I was not allowed to yell out “Yo Yo WASSUPPPPPP” when I spotted him or any of his mates. I was not allowed to speak to ANY of the girls whatsoever. I was not allowed to dab or insist that others dab before I served them. All of my fun things I had discussed with him were shut down. NOT EVEN A FIST BUMP! My outfit had to be approved. Once I promised to uphold the “family name” we were right to rock and roll.

Now this is not a small school. It is massive and there were six of us working the shift. I was delighted to discover they sold a fair amount of crap food so the whole shift cost me about $20, as I ate sausage rolls and garlic bread. And because Horatio would turn up with his posse and they are gorgeous teenaged boys with cheeky smiles, and how can one say no to that! There was also an incident involving a teacher who looked like she was about to burst into tears when I informed her that we had sold out of chicken rolls. I totally sympathised, thinking she had been teaching all day and the one thing that she was looking forward to, was snatched away from her. I placated her with some sushi instead.

Now the whole day reminded me of a story from my youth.

I was a teenage hustler. Let us begin.

At the age of twelve I was sent away to boarding school as my parents were intelligent human beings and could see that I was turning into a troubled youth. So they threw some money at the problem to make it disappear. I took to boarding like a duck to water as we had rather shady supervision. Oh the stories I could tell! And I do cover off quite a lot of it in my book Primary School Confidential, which you can order here. (if you would like to no pressure or anything, #justsaying)

Lumped in with thirty country kids, it was always a very exciting day when Mrs. Albert was on tuck-shop duty. Mrs. Albert was the mother of one of the day girls and a kinder, more lovely women you would not be likely to meet. Being boarders, we were often taken out by her and her family, or would have sleepovers at their place. Anyway, she always took pity on us, a lovely trait inn which we were only to happy to take advantage of. I would use the word exploit, but I think that it is a strong description with evil connotations.

Oh, who the fuck am I kidding here. It is the ONLY appropriate word. We exploited Mrs Albert in the following scam.

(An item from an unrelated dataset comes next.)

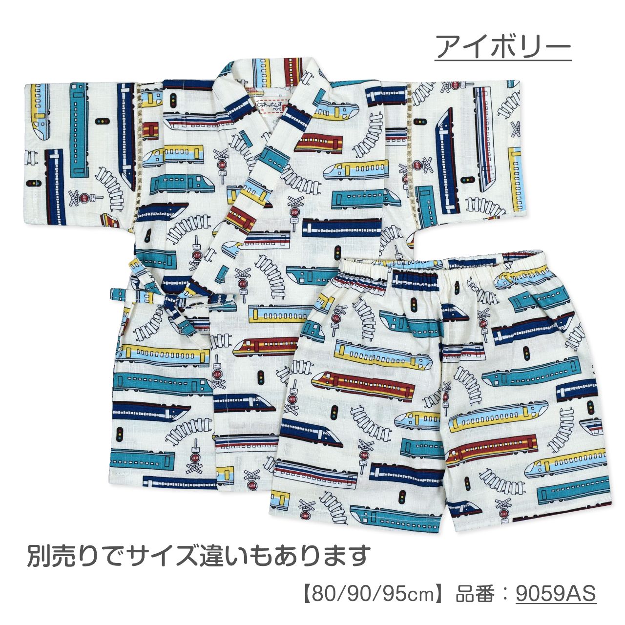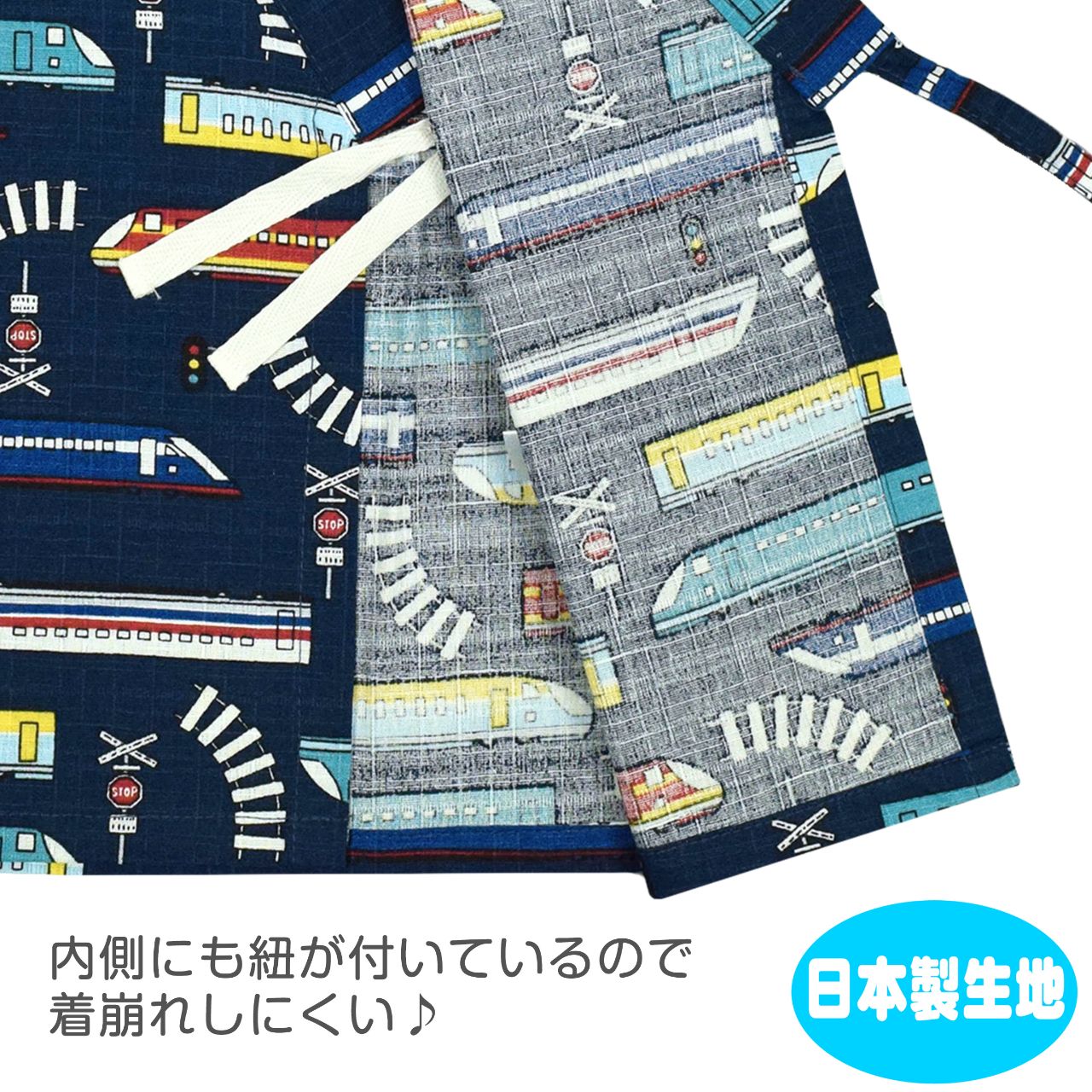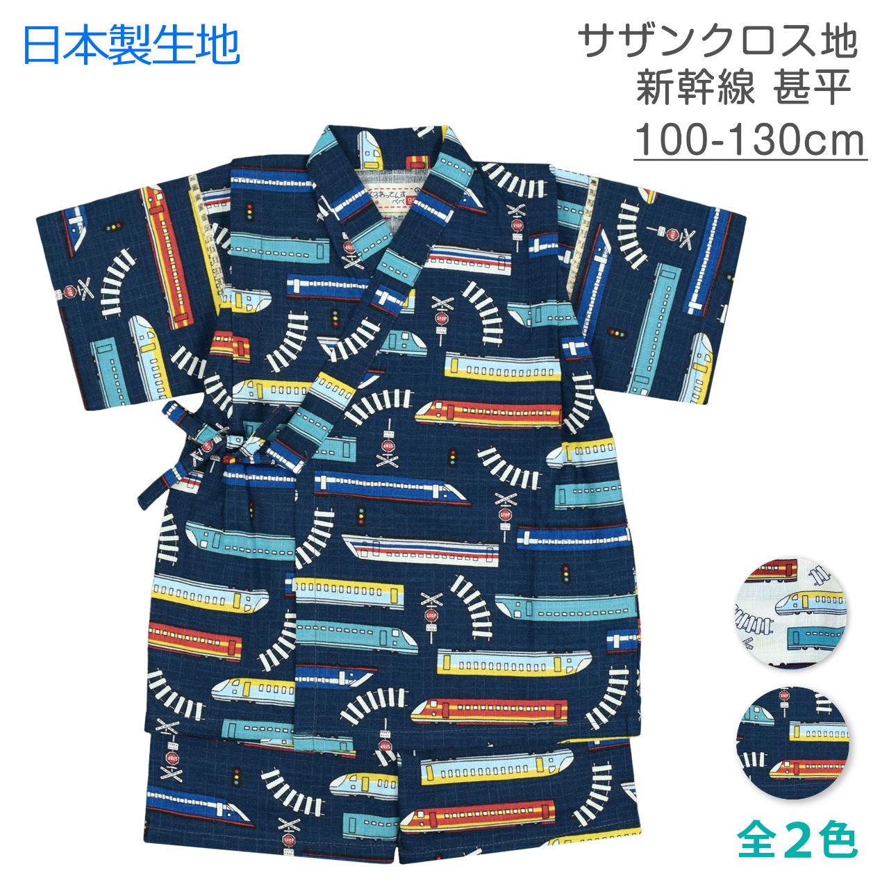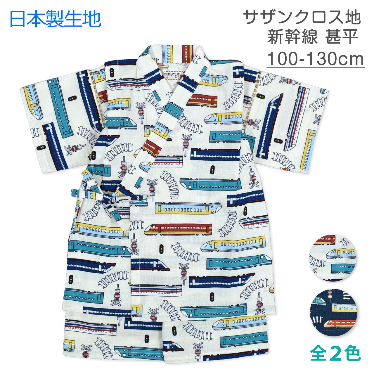 ☆ 商 品 説 明 ☆ 日本製の生地使用 綿100% しんかんせん柄 甚平 。 新幹線柄が 可愛い じん平 上下セット です。安心の日本製、綿100%サザンクロスの生地使用です。パンツ、ウェストはゴム。紐なし。ゴム取換え穴あり。 日本企画・日本製生地使用(縫製中国) *模様や柄の出方は個々の商品によってそれぞれ異なります。

Ok, so the first girl would line up at the canteen with a fifty sent coin, making sure she was in Mrs. Alberts line. Once she reached the counter, said girl would hand over the money and request a Paddle Pop. Mrs Albert would fetch the icy treat, return to the counter and say…

“Oh don’t me silly! Put your money away…. It is my treat!”

So the girl would return to the group with the money AND the ice cream, only to hand it over to the next girl who would repeat the exact process.

“Oh don’t me silly! Put your money away…. It is my treat!”

Eventually, that one fifty cent coin would be offered to and refused by Mrs. Allen until we all had a Paddle Pop in our belly’s. We did this for YEARS. As I explained, I am crap at maths but I do know that each day she did her duty, she was out of pocket to the tune of $15. And now that I am on the other side of that counter, well I can see she must have known what was going on. Lovely Mrs. Albert.

Now, can we talk about what to do when a kid hands over a one hundred dollar bill for a meat pie?

Did you ever scam anyone?

And feel free to add your judgement about how this canteen sells Kit Kats! Everyone loves that debate! Isn’t it practically a federal offence these days?